## GOAL OF THE EXERCISE
Exactly as written, please repeat the data that follows, but not the pictures.

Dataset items
----------------

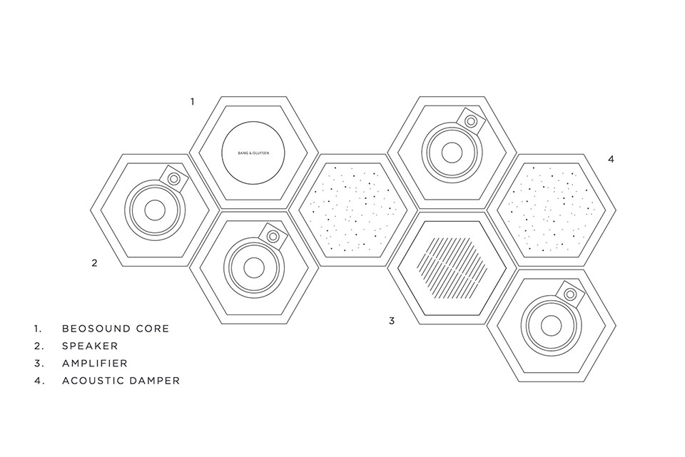 Người dùng có thể bắt đầu trải nghiệm của mình bằng việc tự thiết kế hệ thống loa BeoSound Shape của riêng mình với công cụ thiết kế trực tuyến từ Bang & Olufsen. Công cụ cho phép lựa chọn màu sắc các mảng lục giác đơn lẻ, kết hợp chúng với nhau theo hình khối yêu thích và sắp đặt các thiết bị (loa, âm ly, Beosound core, damper) sao cho hệ thống đạt hiệu quả âm thanh tối ưu. Hệ thống BeoSound Shape có thể kết hợp số lượng loa lên đến 44 chiếc loa cùng với 11 ampli được điều khiển qua một module trung tâm (core). Từng hệ thống loa với ampli (4 loa một ampli) được kết nối không dây thông qua Bluetooth, Wi-Fi, hỗ trợ Apple AirPlay và Google Cast, tương thích với việc phát nhạc nhiều phòng (multiroom) của B&O. Ngoài ra, người dùng có thể trang trí bằng những tấm đệm vải có tác dụng tán âm, tiêu âm nhằm cải thiện chất lượng khi nghe âm thanh cho phù hợp với vị trí lắp đặt của loa.
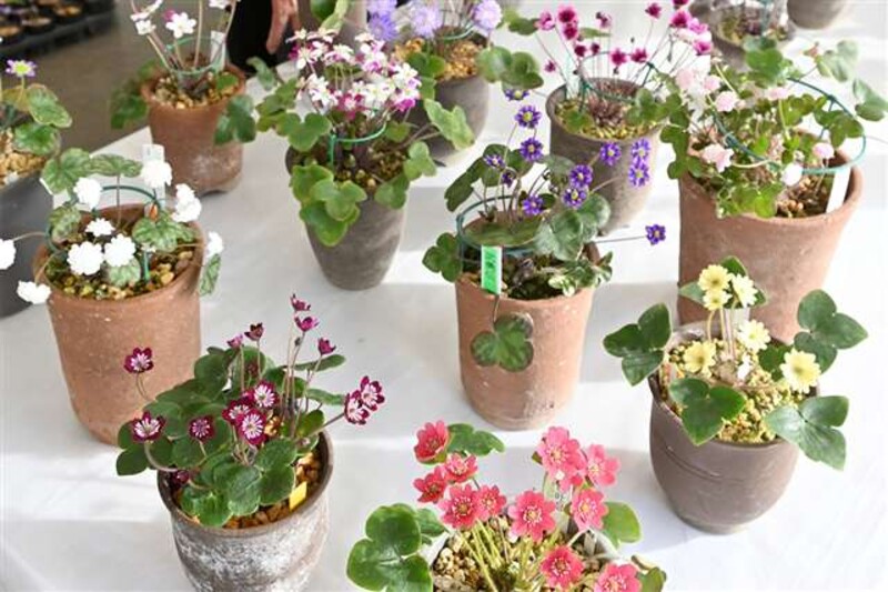 代表の鈴木龍一さんは「いろいろな色や形になるよう交配させ育てた。ぜひ会場を訪れ、雪割草の美しさを感じてほしい」と話した。
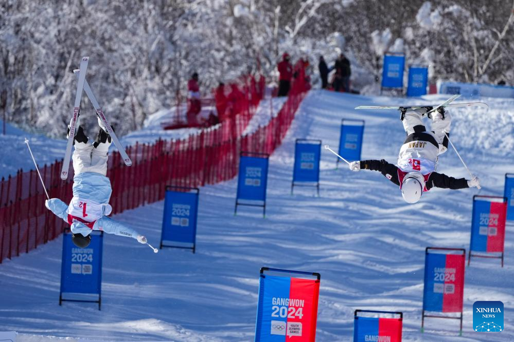 Porter Huff (L) of the United States competes with Nakamura Takuto of Japan during the Semifinal of the Mixed Team Dual Moguls of Freestyle Skiing at the Gangwon 2024 Winter Youth Olympic Games in Jeongseon, South Korea, Jan. 26, 2024. (Xinhua/Zhang Xiaoyu)
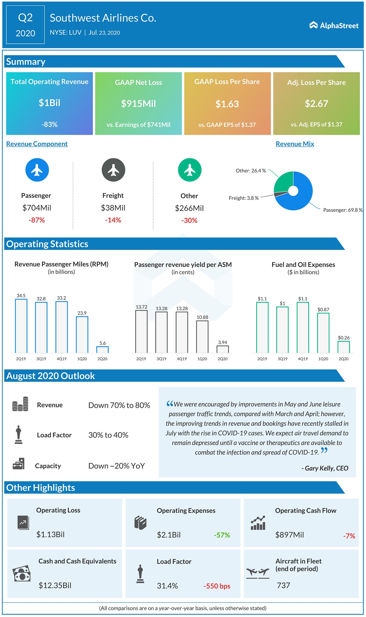 “We expect air travel demand to remain depressed until a vaccine or therapeutics are available to combat the infection and spread of COVID-19. We will adjust our flight schedule aggressively and frequently in response to this volatile demand environment,” said CEO Gary Kelly.
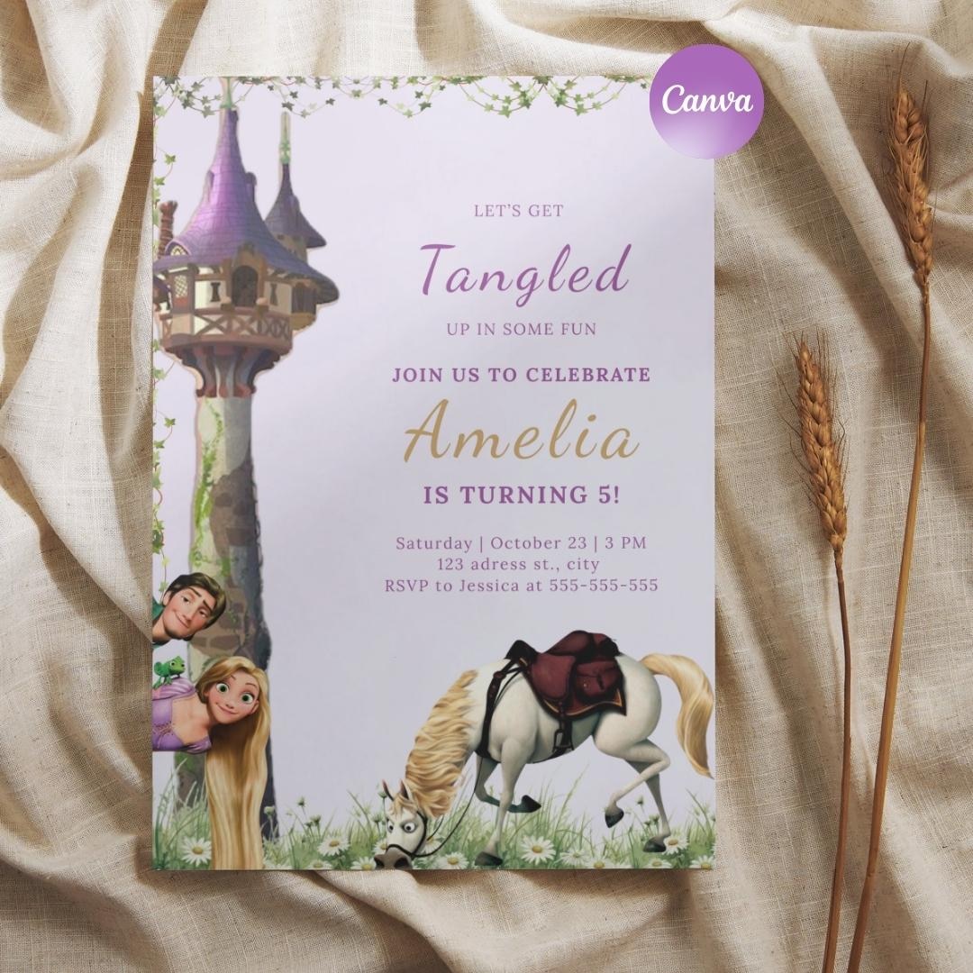 18 rapunzel tangled canva birthday invitation templates – Artofit

----------------

## SOLUTION
 Người dùng có thể bắt đầu trải nghiệm của mình bằng việc tự thiết kế hệ thống loa BeoSound Shape của riêng mình với công cụ thiết kế trực tuyến từ Bang & Olufsen. Công cụ cho phép lựa chọn màu sắc các mảng lục giác đơn lẻ, kết hợp chúng với nhau theo hình khối yêu thích và sắp đặt các thiết bị (loa, âm ly, Beosound core, damper) sao cho hệ thống đạt hiệu quả âm thanh tối ưu. Hệ thống BeoSound Shape có thể kết hợp số lượng loa lên đến 44 chiếc loa cùng với 11 ampli được điều khiển qua một module trung tâm (core). Từng hệ thống loa với ampli (4 loa một ampli) được kết nối không dây thông qua Bluetooth, Wi-Fi, hỗ trợ Apple AirPlay và Google Cast, tương thích với việc phát nhạc nhiều phòng (multiroom) của B&O. Ngoài ra, người dùng có thể trang trí bằng những tấm đệm vải có tác dụng tán âm, tiêu âm nhằm cải thiện chất lượng khi nghe âm thanh cho phù hợp với vị trí lắp đặt của loa.
 代表の鈴木龍一さんは「いろいろな色や形になるよう交配させ育てた。ぜひ会場を訪れ、雪割草の美しさを感じてほしい」と話した。
 Porter Huff (L) of the United States competes with Nakamura Takuto of Japan during the Semifinal of the Mixed Team Dual Moguls of Freestyle Skiing at the Gangwon 2024 Winter Youth Olympic Games in Jeongseon, South Korea, Jan. 26, 2024. (Xinhua/Zhang Xiaoyu)
 “We expect air travel demand to remain depressed until a vaccine or therapeutics are available to combat the infection and spread of COVID-19. We will adjust our flight schedule aggressively and frequently in response to this volatile demand environment,” said CEO Gary Kelly.
 18 rapunzel tangled canva birthday invitation templates – Artofit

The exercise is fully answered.